DATA FOR THE TASK:
*** Begin section ***

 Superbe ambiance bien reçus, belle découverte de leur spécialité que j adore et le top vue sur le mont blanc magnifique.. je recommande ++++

*** End section ***
*** Begin section ***

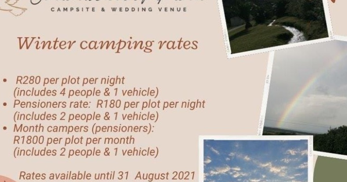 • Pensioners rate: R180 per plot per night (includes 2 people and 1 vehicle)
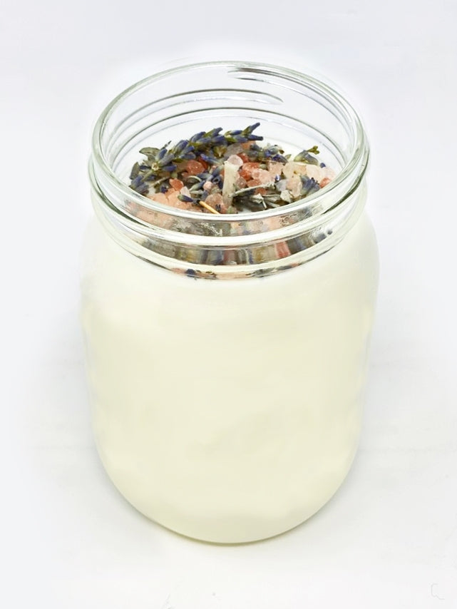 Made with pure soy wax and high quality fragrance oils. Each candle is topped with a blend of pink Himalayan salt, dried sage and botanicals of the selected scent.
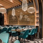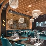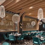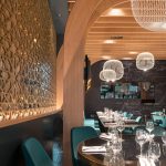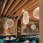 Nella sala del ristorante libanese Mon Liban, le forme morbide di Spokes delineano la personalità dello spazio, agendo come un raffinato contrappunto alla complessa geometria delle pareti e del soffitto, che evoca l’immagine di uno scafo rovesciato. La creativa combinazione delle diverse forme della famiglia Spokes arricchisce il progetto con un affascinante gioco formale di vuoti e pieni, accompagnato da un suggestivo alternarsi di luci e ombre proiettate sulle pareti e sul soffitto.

*** End section ***

WHAT IS REQUIRED:
Take the material above from the line bearing "and 1 vehicle)" through the line bearing "Made with pure" and write it out exactly, both end lines included. Pictures stay out.

SOLUTION TO THE EXERCISE:
 • Pensioners rate: R180 per plot per night (includes 2 people and 1 vehicle)
 Made with pure soy wax and high quality fragrance oils. Each candle is topped with a blend of pink Himalayan salt, dried sage and botanicals of the selected scent.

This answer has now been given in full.